Directions for this task:
Do not repeat pictures. Repeat exactly the lines of the listing below from its first line through the line with "4月9日上午,我校与威尔士三".
****
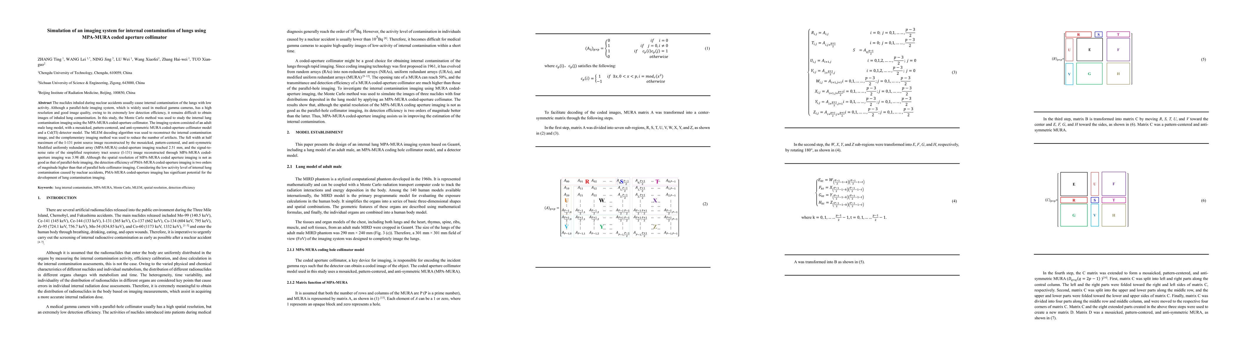 The nuclides inhaled during nuclear accidents usually cause internal contamination of the lungs with low activity. Although a parallel-hole imaging system, which is widely used in medical gamma cameras, has a high resolution and good image quality, owing to its extremely low detection efficiency, it remains difficult to obtain images of inhaled lung contamination. In this study, the Monte Carlo method was used to study the internal lung contamination imaging using the MPA-MURA coded-aperture collimator. The imaging system consisted of an adult male lung model, with a mosaicked, pattern-centered, and anti-symmetric MURA coded-aperture collimator model and a CsI(Tl) detector model. The MLEM decoding algorithm was used to reconstruct the internal contamination image, and the complementary imaging method was used to reduce the number of artifacts. The full width at half maximum of the I-131 point source image reconstructed by the mosaicked, pattern-centered, and anti-symmetric Modified uniformly redundant array (MPA-MURA) coded-aperture imaging reached 2.51 mm, and the signal-to-noise ratio of the simplified respiratory tract source (I-131) image reconstructed through MPA-MURA coded-aperture imaging was 3.98 dB. Although the spatial resolution of MPA-MURA coded aperture imaging is not as good as that of parallel-hole imaging, the detection efficiency of PMA-MURA coded-aperture imaging is two orders of magnitude higher than that of parallel hole collimator imaging. Considering the low activity level of internal lung contamination caused by nuclear accidents, PMA-MURA coded-aperture imaging has significant potential for the development of lung contamination imaging.
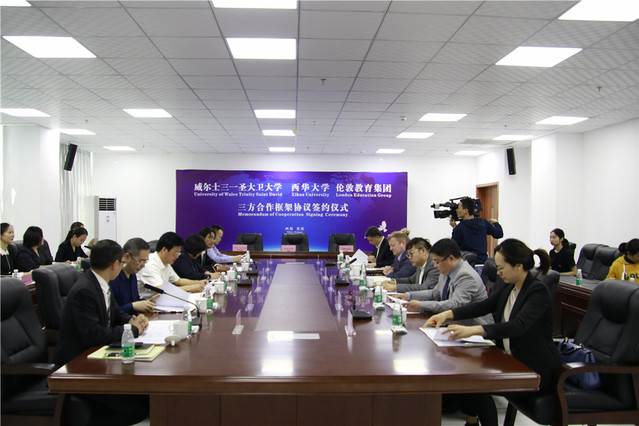 4月9日上午,我校与威尔士三一圣大卫大学、伦敦教育集团三方合作框架协议签约仪式在宜宾校区一教701会议室举行。
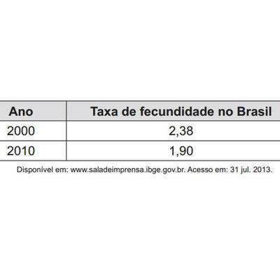 A taxa de fecundidade é um indicador que expressa a condição reprodutiva média das mulheres de uma região, e é importante para uma análise da dinâmica demográfica dessa região. A tabela apresenta os dados obtidos pelos Censos de 2000 e 2010, feitos pelo IBGE, com relação à taxa de fecundidade no Brasil.
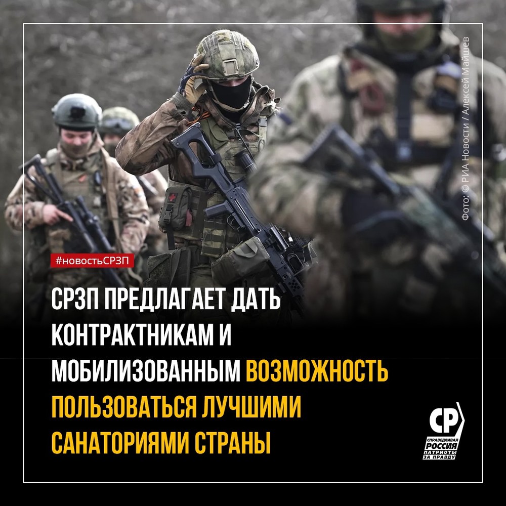 Предоставить возможность контрактникам, мобилизованным, бойцам добровольческих формирований и членам их семей отдыхать и проходить санаторно-курортное лечение в санаториях, пансионатах, на турбазах, в домах отдыха и детских оздоровительных лагерях федеральных органов власти. Это лучшие в стране санатории, и они должны стать доступны для всех участников СВО и членов их семей, наравне с военнослужащими.
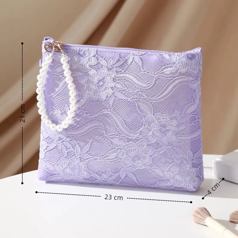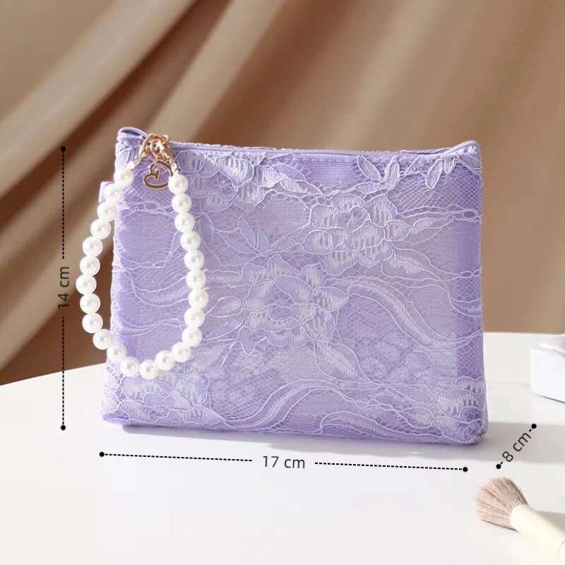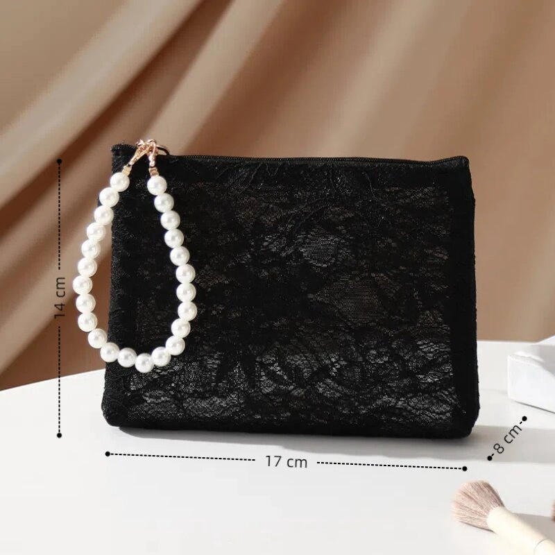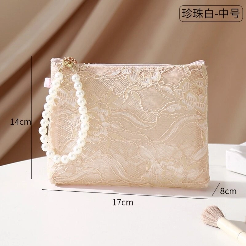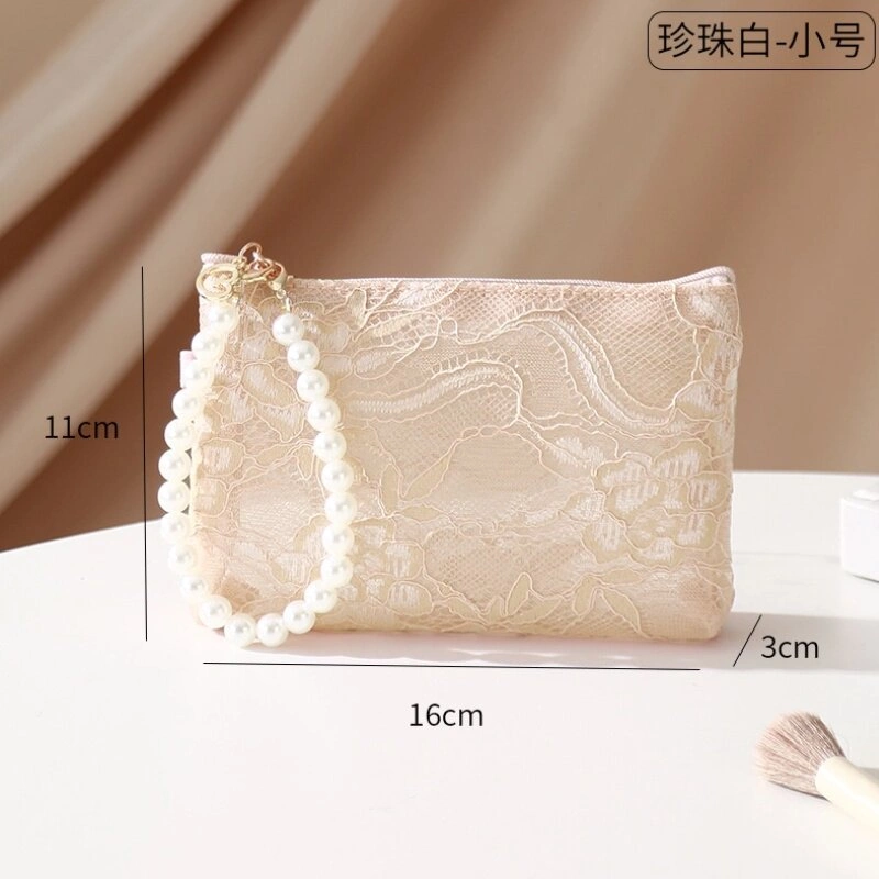 Pearl Handle Cosmetic Bag, Chinese Style Lace Lipstick Bag, High-Value Phone Bag, Short Trip Cosmetic Storage Bag
****
Reply to the exercise:
 The nuclides inhaled during nuclear accidents usually cause internal contamination of the lungs with low activity. Although a parallel-hole imaging system, which is widely used in medical gamma cameras, has a high resolution and good image quality, owing to its extremely low detection efficiency, it remains difficult to obtain images of inhaled lung contamination. In this study, the Monte Carlo method was used to study the internal lung contamination imaging using the MPA-MURA coded-aperture collimator. The imaging system consisted of an adult male lung model, with a mosaicked, pattern-centered, and anti-symmetric MURA coded-aperture collimator model and a CsI(Tl) detector model. The MLEM decoding algorithm was used to reconstruct the internal contamination image, and the complementary imaging method was used to reduce the number of artifacts. The full width at half maximum of the I-131 point source image reconstructed by the mosaicked, pattern-centered, and anti-symmetric Modified uniformly redundant array (MPA-MURA) coded-aperture imaging reached 2.51 mm, and the signal-to-noise ratio of the simplified respiratory tract source (I-131) image reconstructed through MPA-MURA coded-aperture imaging was 3.98 dB. Although the spatial resolution of MPA-MURA coded aperture imaging is not as good as that of parallel-hole imaging, the detection efficiency of PMA-MURA coded-aperture imaging is two orders of magnitude higher than that of parallel hole collimator imaging. Considering the low activity level of internal lung contamination caused by nuclear accidents, PMA-MURA coded-aperture imaging has significant potential for the development of lung contamination imaging.
 4月9日上午,我校与威尔士三一圣大卫大学、伦敦教育集团三方合作框架协议签约仪式在宜宾校区一教701会议室举行。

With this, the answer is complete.